Given records
[Start of section]

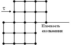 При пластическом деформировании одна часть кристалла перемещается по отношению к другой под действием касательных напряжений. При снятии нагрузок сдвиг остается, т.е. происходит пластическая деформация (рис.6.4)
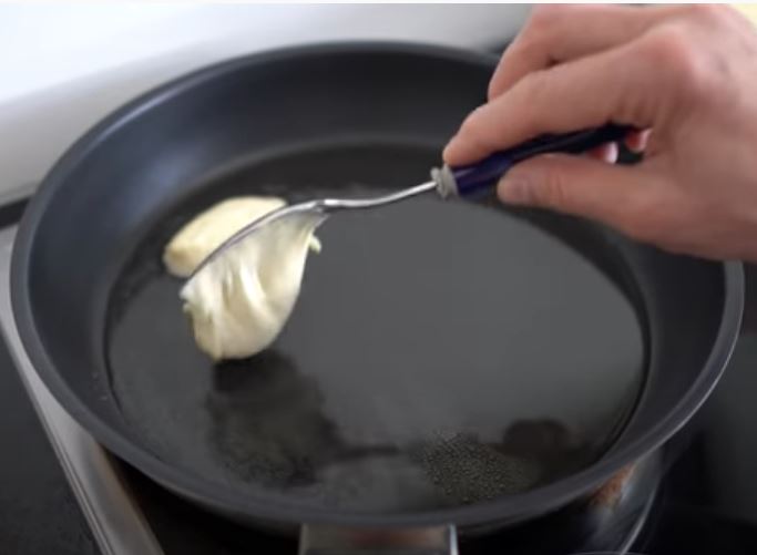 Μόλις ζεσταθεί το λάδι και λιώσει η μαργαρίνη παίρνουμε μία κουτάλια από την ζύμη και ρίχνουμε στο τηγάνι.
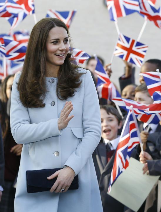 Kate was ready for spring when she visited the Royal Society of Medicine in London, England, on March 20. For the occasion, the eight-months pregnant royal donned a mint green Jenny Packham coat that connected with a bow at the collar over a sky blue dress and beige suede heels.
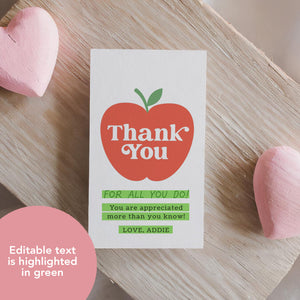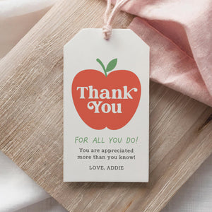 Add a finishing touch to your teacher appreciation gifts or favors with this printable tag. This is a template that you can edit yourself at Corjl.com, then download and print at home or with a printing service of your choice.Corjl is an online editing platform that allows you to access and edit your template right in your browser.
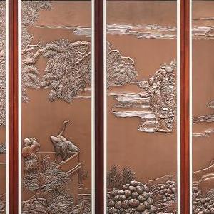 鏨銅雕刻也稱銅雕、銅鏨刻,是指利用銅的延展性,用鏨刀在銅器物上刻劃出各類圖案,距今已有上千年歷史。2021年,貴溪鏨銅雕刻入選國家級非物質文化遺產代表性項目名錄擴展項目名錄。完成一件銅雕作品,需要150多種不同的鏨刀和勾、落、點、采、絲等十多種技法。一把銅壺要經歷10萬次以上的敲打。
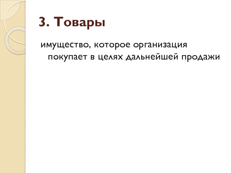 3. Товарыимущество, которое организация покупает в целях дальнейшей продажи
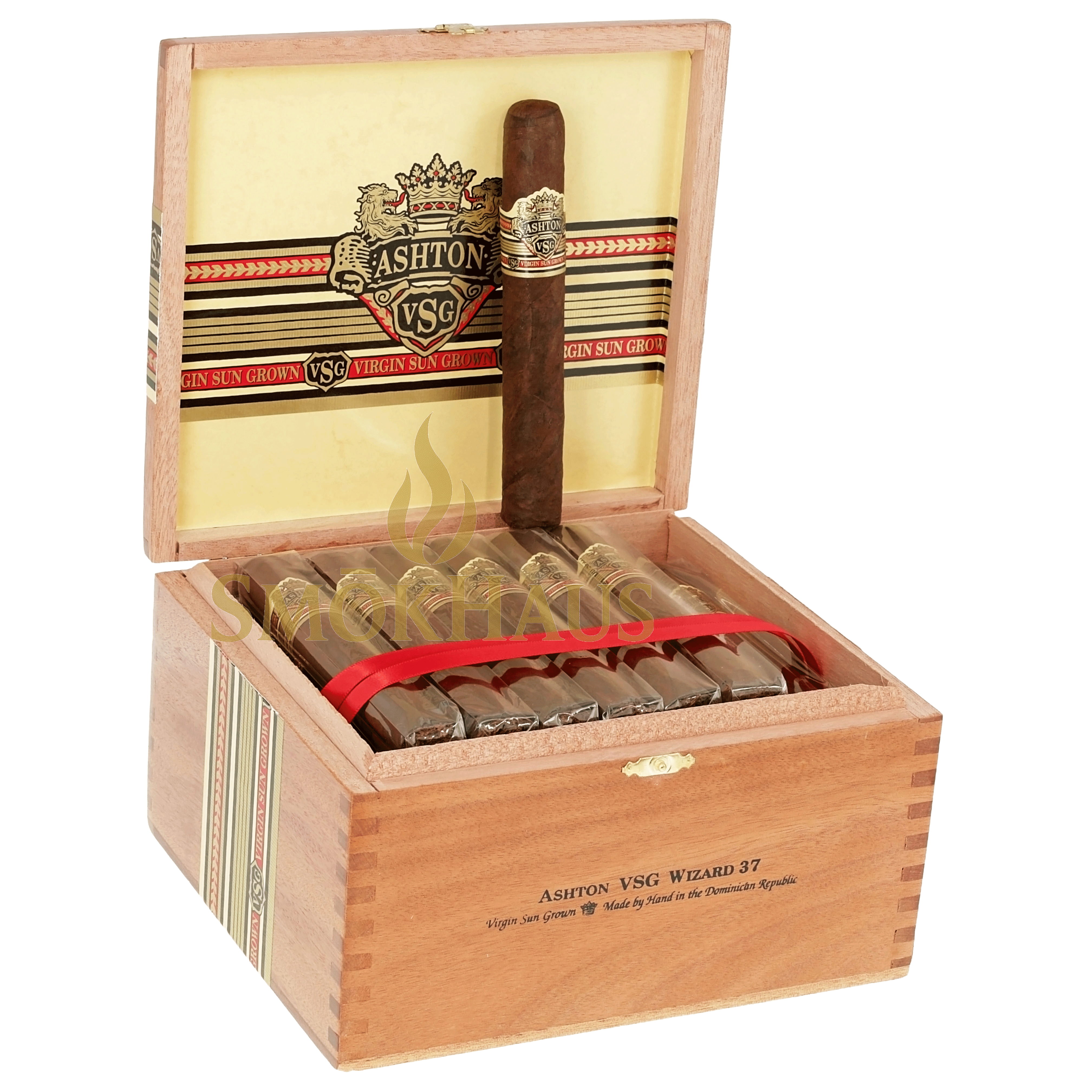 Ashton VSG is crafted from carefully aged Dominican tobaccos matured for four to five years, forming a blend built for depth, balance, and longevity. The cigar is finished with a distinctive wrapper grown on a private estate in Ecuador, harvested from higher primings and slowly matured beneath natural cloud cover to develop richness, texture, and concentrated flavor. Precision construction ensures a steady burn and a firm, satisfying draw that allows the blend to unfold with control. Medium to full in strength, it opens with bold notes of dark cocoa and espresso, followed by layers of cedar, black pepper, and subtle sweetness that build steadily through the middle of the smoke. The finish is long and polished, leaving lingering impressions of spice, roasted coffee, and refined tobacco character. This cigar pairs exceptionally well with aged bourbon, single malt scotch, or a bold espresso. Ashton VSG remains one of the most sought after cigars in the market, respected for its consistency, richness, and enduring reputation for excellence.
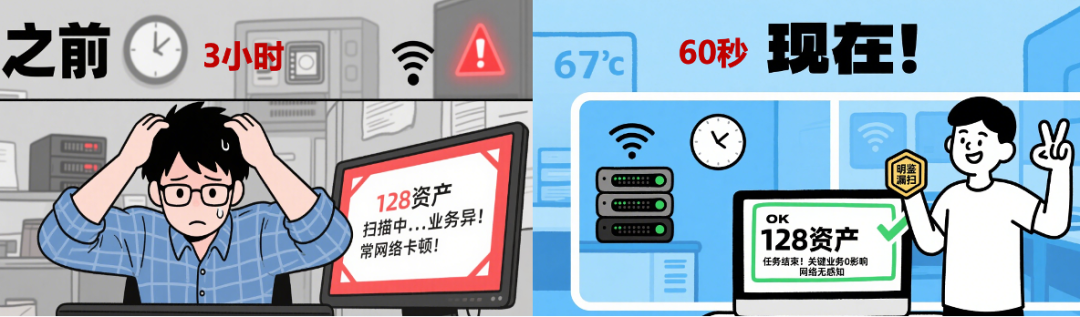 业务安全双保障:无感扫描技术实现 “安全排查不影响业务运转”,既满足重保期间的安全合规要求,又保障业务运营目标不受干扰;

[End of section]
[Start of section]

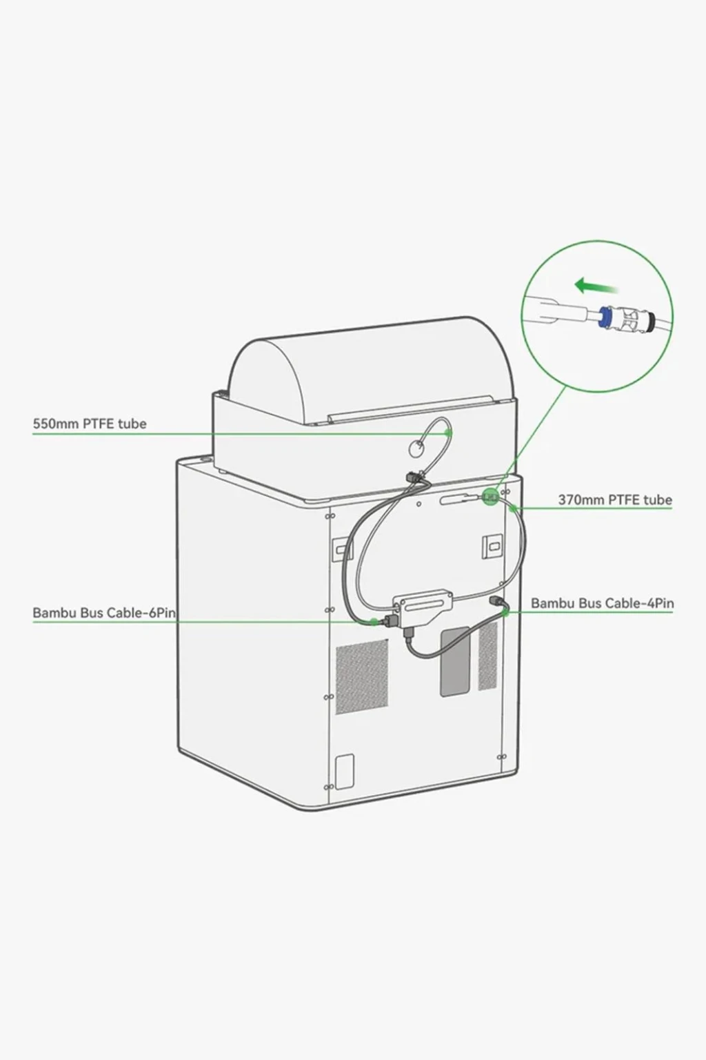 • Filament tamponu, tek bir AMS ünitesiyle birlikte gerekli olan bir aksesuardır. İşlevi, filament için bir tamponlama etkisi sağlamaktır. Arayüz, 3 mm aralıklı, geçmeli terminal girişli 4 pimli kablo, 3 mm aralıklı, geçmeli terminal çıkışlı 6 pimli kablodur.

[End of section]
[Start of section]

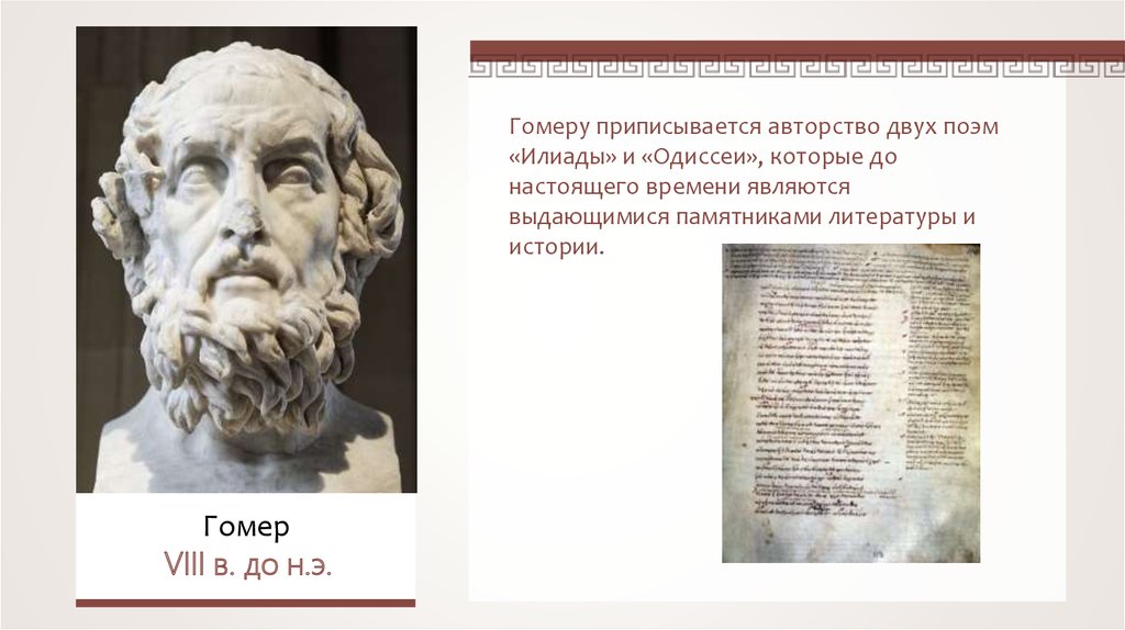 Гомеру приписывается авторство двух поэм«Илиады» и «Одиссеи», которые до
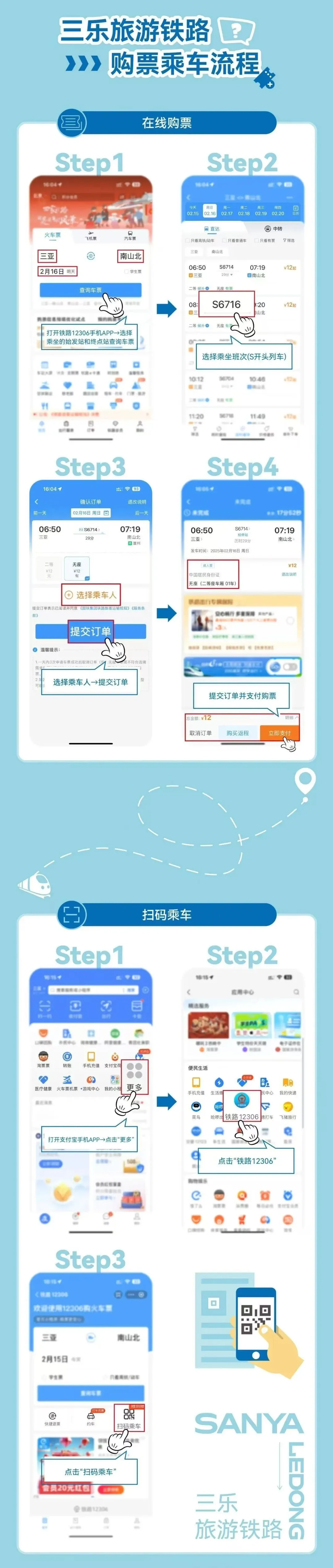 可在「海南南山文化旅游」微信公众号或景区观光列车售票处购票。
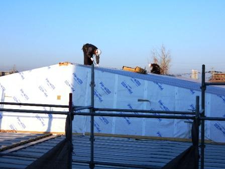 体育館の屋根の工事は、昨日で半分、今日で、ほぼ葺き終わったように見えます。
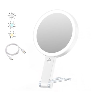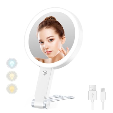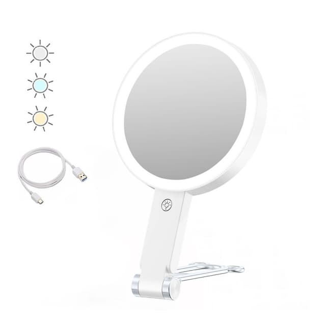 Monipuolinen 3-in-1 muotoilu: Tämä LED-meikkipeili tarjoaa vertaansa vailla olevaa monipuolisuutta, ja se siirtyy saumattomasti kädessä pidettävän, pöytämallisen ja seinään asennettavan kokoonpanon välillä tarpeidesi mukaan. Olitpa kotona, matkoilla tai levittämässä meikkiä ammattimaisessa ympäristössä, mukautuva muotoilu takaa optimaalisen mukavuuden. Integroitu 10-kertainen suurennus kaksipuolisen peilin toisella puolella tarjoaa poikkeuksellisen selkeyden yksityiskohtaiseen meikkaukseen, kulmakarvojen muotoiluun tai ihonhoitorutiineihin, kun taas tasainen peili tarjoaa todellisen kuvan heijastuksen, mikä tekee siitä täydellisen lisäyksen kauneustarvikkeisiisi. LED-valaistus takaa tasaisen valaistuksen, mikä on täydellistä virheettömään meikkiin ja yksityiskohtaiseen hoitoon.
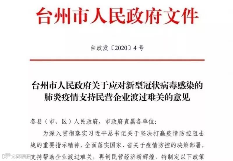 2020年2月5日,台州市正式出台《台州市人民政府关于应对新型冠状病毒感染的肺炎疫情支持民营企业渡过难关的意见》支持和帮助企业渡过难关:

[End of section]

Aim of the exercise
Nothing outside the stretch above, from the line with "鏨銅雕刻也稱銅雕、銅鏨刻,是" through the line with "3. Товарыимущество, которое", is set down. Transcribe that stretch exactly, ends included, but not its pictures.

Solution
 鏨銅雕刻也稱銅雕、銅鏨刻,是指利用銅的延展性,用鏨刀在銅器物上刻劃出各類圖案,距今已有上千年歷史。2021年,貴溪鏨銅雕刻入選國家級非物質文化遺產代表性項目名錄擴展項目名錄。完成一件銅雕作品,需要150多種不同的鏨刀和勾、落、點、采、絲等十多種技法。一把銅壺要經歷10萬次以上的敲打。
 3. Товарыимущество, которое организация покупает в целях дальнейшей продажи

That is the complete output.